Тетушке было шестнадцать лет, когда она познакомилась с дядюшкой, и встречались они пять лет: дедушка, антисемит, не позволял им жениться. Тетя тайно встречала его за городом, и они отправлялись на машине в Прагу, чтобы никто их не видел, а вечером дядя привозил ее домой. Но однажды на обратном пути заглох мотор, и тетя вернулась позже обычного. Дедушка давно уже что-то подозревал и тут набросился на нее. Тетушка во всем призналась, и дед высек ее ремнем. Хотя она уже была совершеннолетней, без позволения деда никогда бы за дядю не вышла. Хорошо воспитанная девушка – но не настолько, чтобы прекратить свидания с дядей.
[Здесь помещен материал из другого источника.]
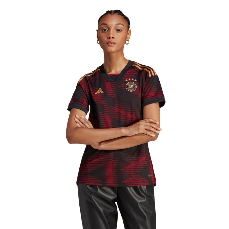 Camiseta de la segunda equipación de la Selección Alemana durante la World Cup 2022. No dejes de soñar. Por muchos éxitos que haya cosechado en el pasado, la selección alemana no cesará en su empeño de conquistar nuevos trofeos. Esta camiseta adidas, luce los colores de la bandera germana y una serie de letras «»D»» de «»Deutschland»» con efecto difuminado. Creada para ofrecer la máxima comodidad a la hinchada, se ha confeccionado en un tejido transpirable AEROREADY con los detalles del equipo cosidos.

А в том, что дед наконец смилостивился, – целиком заслуга моего отца. Тетушка работала у него в банке стенографисткой и с работы всегда ходила мимо нашего дома. У нас наверху пустовала чердачная комнатка, которую отец одолжил им для встреч: поскольку дед велел ей являться домой не позже шести вечера, о поездках в Прагу уже не могло быть речи. Дядюшка Кон оставлял «татру» в лесу за местечком и приходил к нашему дому через пшеничное поле и подсолнухи к задней калитке. Тетушка же входила через парадную дверь, и я обычно слышал, как она поднимается по ступенькам. Потом наступала тишина. Так продолжалось целый год.
Дед все еще не позволял им жениться.
Вполне понятно, что тетушка вызывала интерес у мужчин; она была красива, как и все девушки в роду моей матери. Но когда разнеслись слухи, что она стала любовницей богатого еврея из Праги, все поклонники от нее отстали, кроме одного, Альберта Кудрны, студента-медика, который искал к ней разные подходы. Сначала цветы, а когда с ними ничего не получилось, начал угрожать самоубийством. Тетушка испугалась, но до крайностей дело не дошло. В конце концов, пронюхав, что она встречается с дядюшкой Коном в нашем доме, Альберт послал деду анонимный донос. Кудрна был трус и жил по принципу: если не можешь чем-то завладеть, пусть и другим не достанется. Во время войны он примкнул к фашистам, продолжал учебу в Рейхе; потом познакомился с доктором Тойнером и хотел, как говорили, организовать какую-то чешскую дивизию СС, но у него не вышло; вместо этого он получил направление на Восточный фронт в составе обычной дивизии; а оттуда уже не вернулся.
Дедушка укрылся в подсолнухах, поджидая дядюшку Кона, и, когда тот возвращался к машине, спрятанной в лесу, бросился на него и с криком:
– Ты, жид пархатый, я задушу тебя! – вцепился ему в шею. Он, пожалуй, и в самом деле задушил бы дядю, если б не мой отец, который как раз брился в ванной, откуда были хорошо видны подсолнухи. Услышав крик, он выбежал во двор как был, с пеной на лице, и растащил их.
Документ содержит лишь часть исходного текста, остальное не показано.